Introduction
The sirtuins are an ancient family of proteins found in all forms of life, displaying a structure and catalytic function that have been maintained from bacteria to humans. In an NAD+-dependent process, sirtuins perform protein deacylation from lysine-modified ϵ-amino groups, although NAD+-dependent protein ADP-ribosylation has been reported. The founding member of the family, Sir2 (silent mating-type information regulator 2) from yeast, was identified as a gene required for maintaining silent chromatin (1). After establishing that yeast Sir2 functions as a histone deacetylase, this enzymatic activity provided the mechanistic basis for the role of yeast Sir2 within the silencing machinery (2). Confirmation of enzymatic activity from homologs in other species fueled deeper interest in both the biological functions and protein targets of sirtuins (3). Engendering more general interest were reports linking sirtuins to organismal longevity and their counteractive functions in age-associated cellular decline and metabolic dysfunction (4). Because of potential roles in aging, human health issues, and their unique enzymatic functions, sirtuins have garnered the attention of the general public, and researchers are eager to uncover how these molecular activities explain the physiological outcomes of sirtuin-influenced pathways. Here, we briefly introduce a thematic minireview series that focuses on sirtuin functions, providing an up-to-date summary of where the field is now and where it is likely to move in the upcoming years.
In the minireview entitled “Sirtuin Catalysis and Regulation,” Feldman et al. introduce the deacetylation reaction catalyzed by sirtuin proteins. The authors discuss the chemical mechanism of catalysis, substrate selection, and acyl group specificity among the known activities of the seven mammalian sirtuins. Molecular regulation by transcription, post-translation, and synthesis of co-substrate NAD+ is covered. Also, the authors provide a brief summary of efforts to control sirtuin function through the development of small-molecule modulators, specifically activators of SIRT1 function and the controversy surrounding resveratrol as a direct target of SIRT1. As in all of the minireviews in this series, the authors cite the recent evidence that several sirtuins display specificity toward distinct acylated lysines, including propionylation, succinylation, and malonylation.
In the minireview “Structural Basis for Sirtuin Activity and Inhibition,” Yuan and Marmorstein discuss the overall structural conservation of the catalytic core domain and how invariant catalytic residues support NAD+ binding and facilitate catalysis. The authors include a comprehensive table of sirtuin structures and their importance in understanding our current structure-based knowledge. Yuan and Marmorstein highlight how the variability in the peptide/protein-binding pocket dictates substrate selection, particularly how succinylated substrates bind preferentially to SIRT5. Structural evidence supporting proposed catalytic mechanisms is discussed. In addition, the authors discuss the structural basis for inhibition and suggest how nicotinamide, ADP-ribose, and suramin inhibitors could be exploited for future development of more selective inhibitors.

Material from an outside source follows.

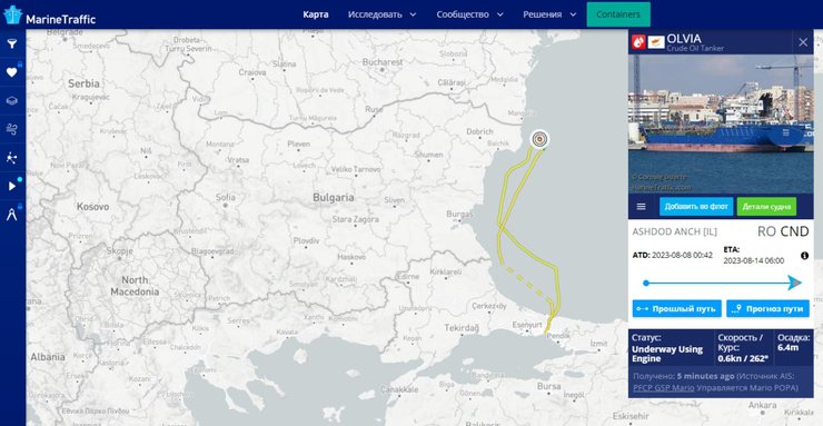 Згідно із сервісом Marinetraffic маршрут танкера справді пролягав та навіть перетинався із суховантажем "Шюкрю Окан".

Newman et al. summarize the role of sirtuins in regulation of intermediary metabolism in the minireview entitled “Mitochondrial Protein Acylation and Intermediary Metabolism: Regulation by Sirtuins and Implications for Metabolic Disease.” The authors focus primarily on the latest developments with the mitochondrial SIRT3, which plays a key role in nitrogen metabolism, fatty acid oxidation, and mitigating reactive oxygen species damage. Specific enzyme targets are cited in support of SIRT3-dependent regulation in these mitochondrial processes. The authors describe recent data that support a role for SIRT3 in opposing several aspects of metabolic syndrome. Included is a detailed discussion of metabolic processes that give rise to acetyl-CoA, succinyl-CoA, and malonyl-CoA and the possible connections between the metabolic fluctuations of these metabolites and how protein acylation levels might be controlled by the resident mitochondrial sirtuins, SIRT3–SIRT5.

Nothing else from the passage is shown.